YOUR INSTRUCTIONS: Would you restate all of the entries verbatim, minus any images?

··········

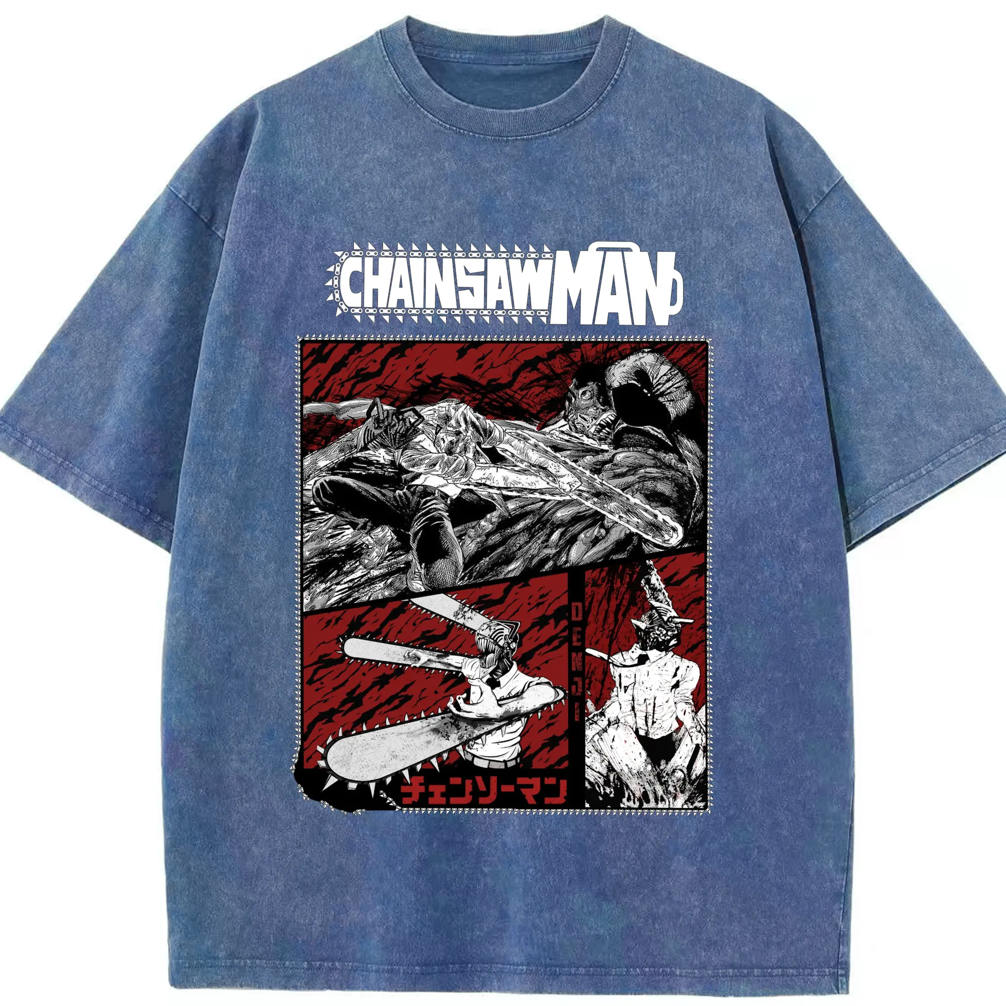 チェンソーマン chainsawman 電ノコ少年 デンジポチタ - 綿100% 半袖Tシャツ ・ フロントプリント ・ 快適 通気性 ・ 日常使い 散歩 スポーツ用
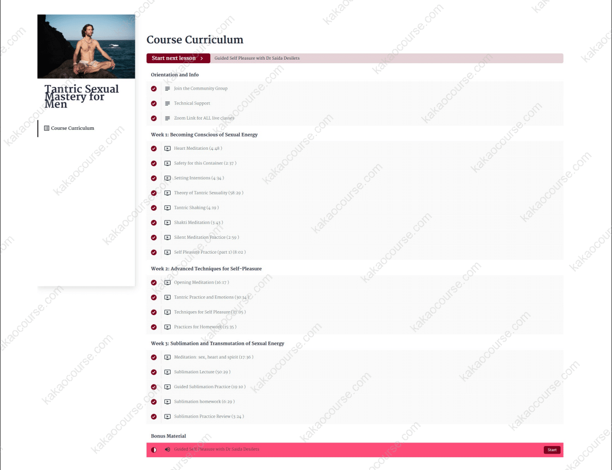 Choose Tantric Sexual Mastery for Men today and begin a disciplined weekly practice that can reshape how you experience desire, intimacy, and embodied confidence.
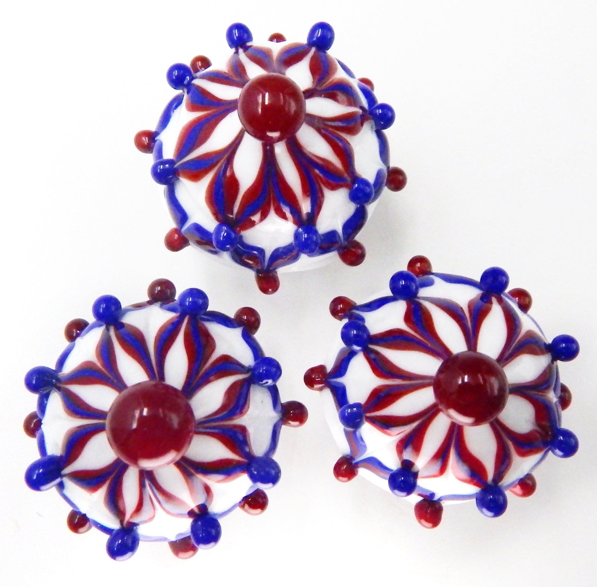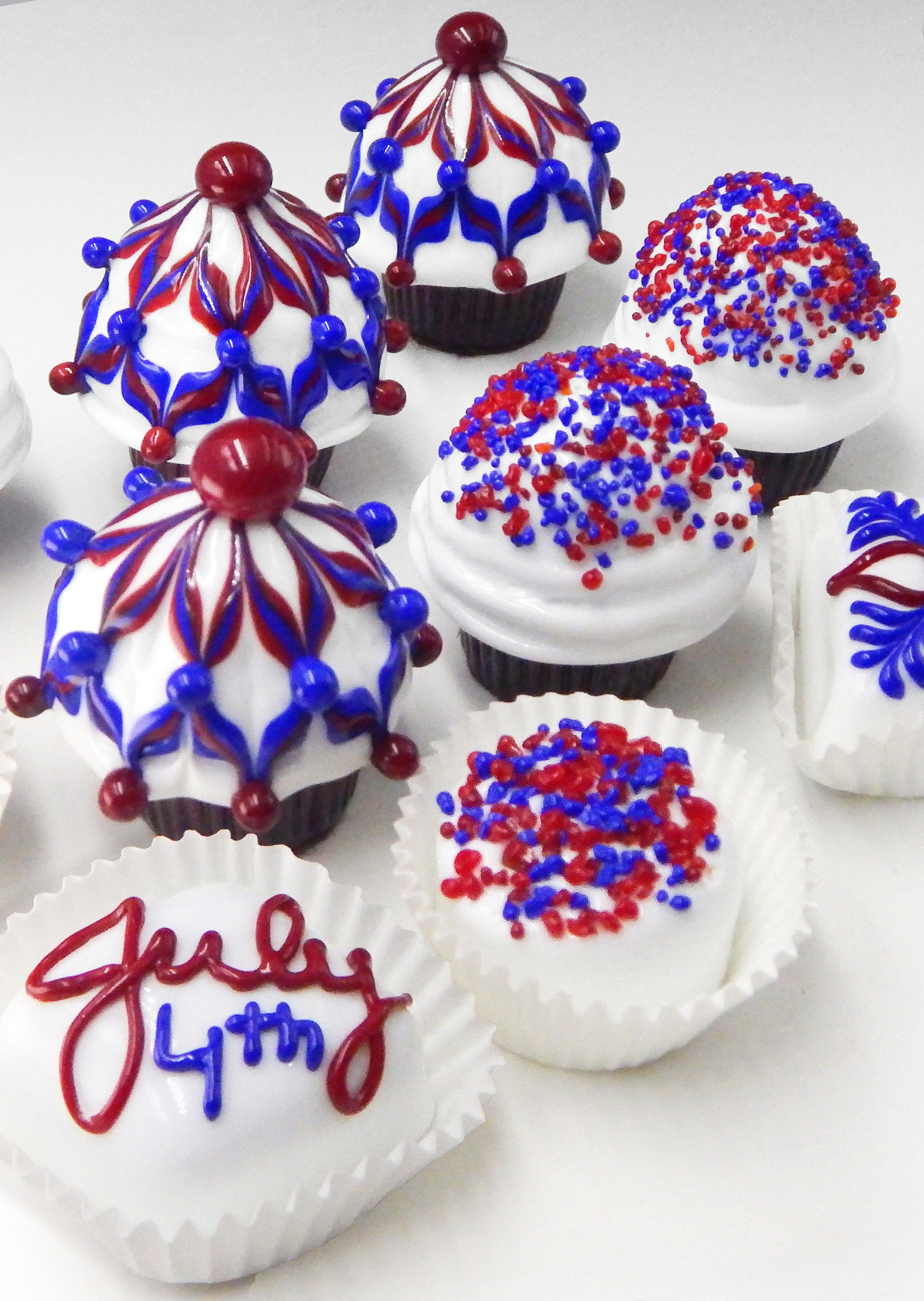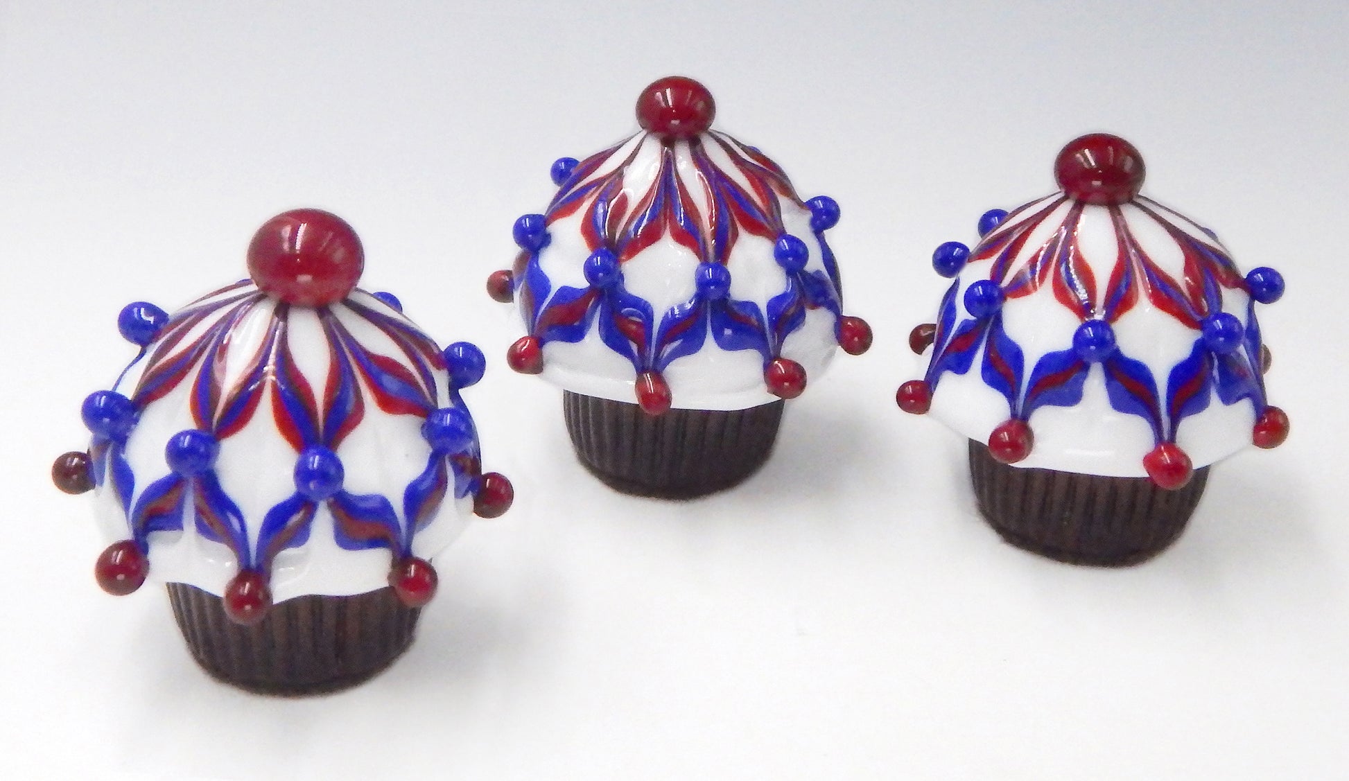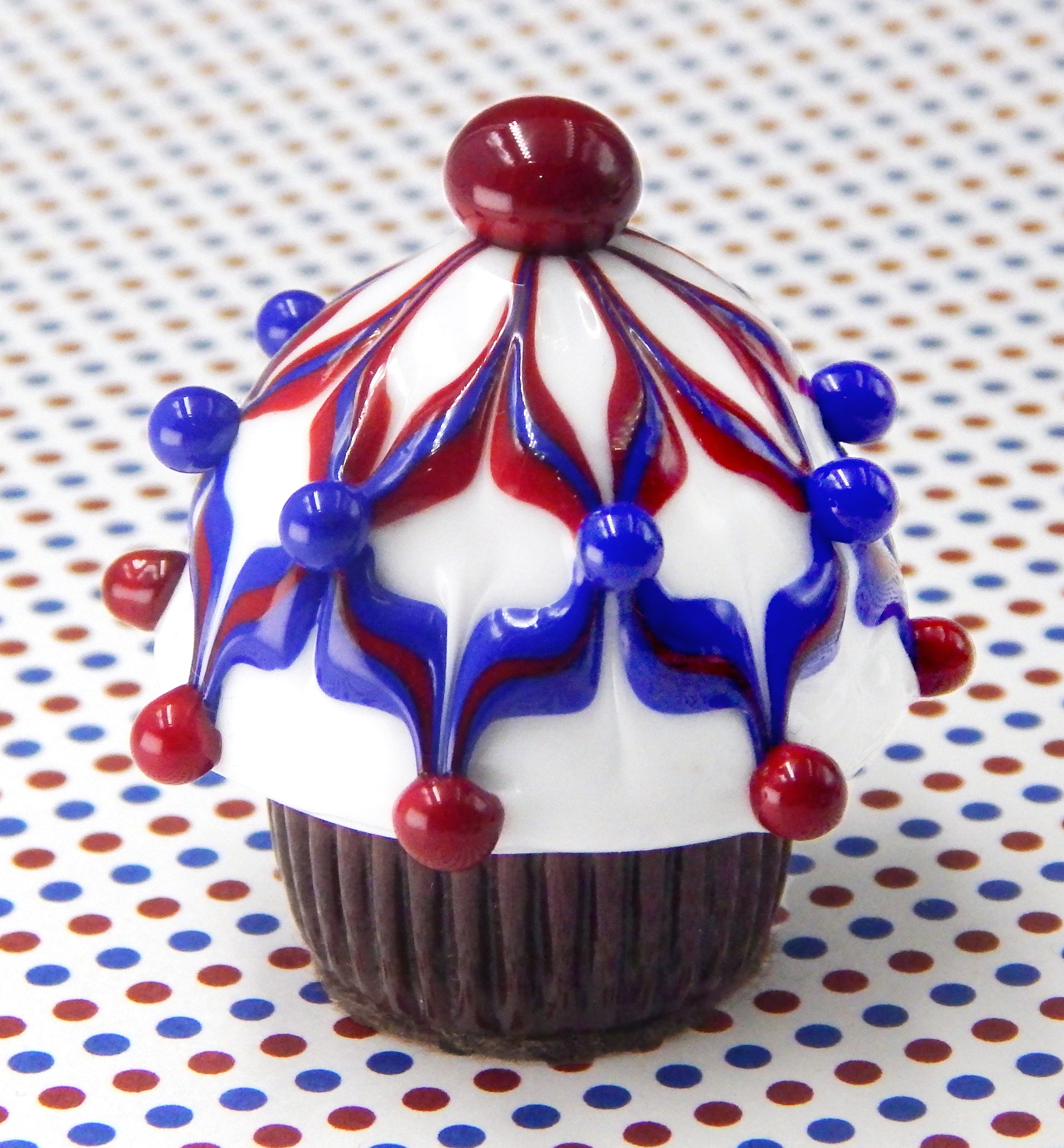 A handmade collectible solid glass Patriotic Mini Cupcake Truffle with patterns of red and blue on top created from colorful glass utilizing flameworking techniques. Meticulous attention to detail has gone into the construction of each of our pieces to enhance its appeal and collectibility.
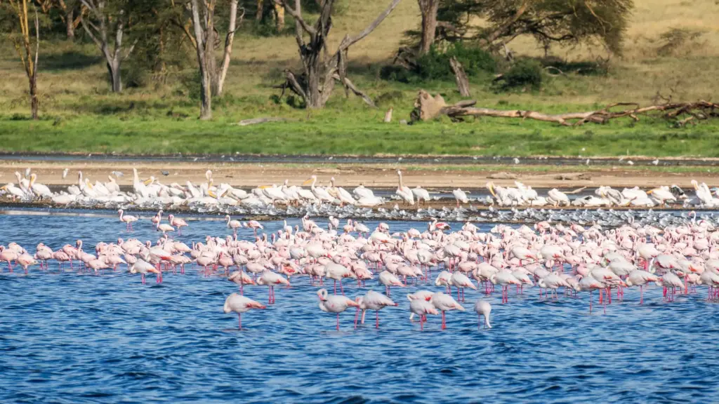 Three soda lakes, Nakuru, Bogoria, and Elementaita, together support roughly 75% of the global lesser flamingo population. When conditions are right, the density of birds turns the entire shoreline pink. You can see it from kilometres away. All three lakes are part of a single UNESCO World Heritage Site.
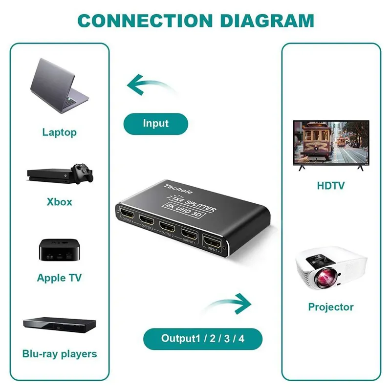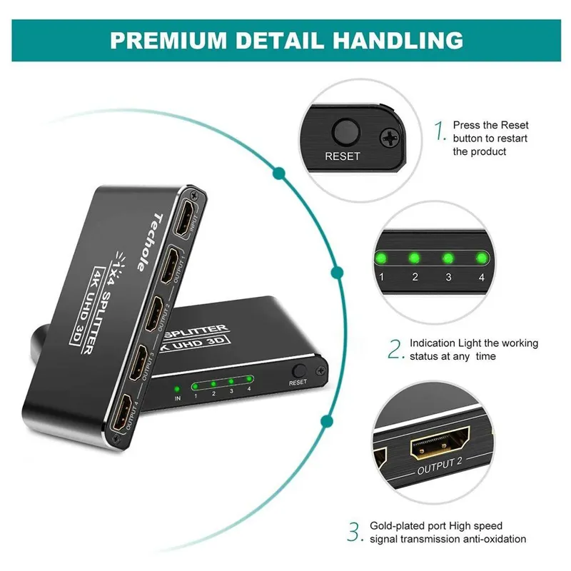 تصویر شفاف 4K - تقسیمکننده Techole 4K HDMI از نمایشهای سه بعدی، 4K x 2Kesam30hz، 1080P esam30hz، 1080P esam60hz میکند. می توانید مجلل ترین ویدیو و صدا را با دوستان یا خانواده خود به اشتراک بگذارید.

··········

FINISHED EXERCISE:
 チェンソーマン chainsawman 電ノコ少年 デンジポチタ - 綿100% 半袖Tシャツ ・ フロントプリント ・ 快適 通気性 ・ 日常使い 散歩 スポーツ用
 Choose Tantric Sexual Mastery for Men today and begin a disciplined weekly practice that can reshape how you experience desire, intimacy, and embodied confidence.
 A handmade collectible solid glass Patriotic Mini Cupcake Truffle with patterns of red and blue on top created from colorful glass utilizing flameworking techniques. Meticulous attention to detail has gone into the construction of each of our pieces to enhance its appeal and collectibility.
 Three soda lakes, Nakuru, Bogoria, and Elementaita, together support roughly 75% of the global lesser flamingo population. When conditions are right, the density of birds turns the entire shoreline pink. You can see it from kilometres away. All three lakes are part of a single UNESCO World Heritage Site.
 تصویر شفاف 4K - تقسیمکننده Techole 4K HDMI از نمایشهای سه بعدی، 4K x 2Kesam30hz، 1080P esam30hz، 1080P esam60hz میکند. می توانید مجلل ترین ویدیو و صدا را با دوستان یا خانواده خود به اشتراک بگذارید.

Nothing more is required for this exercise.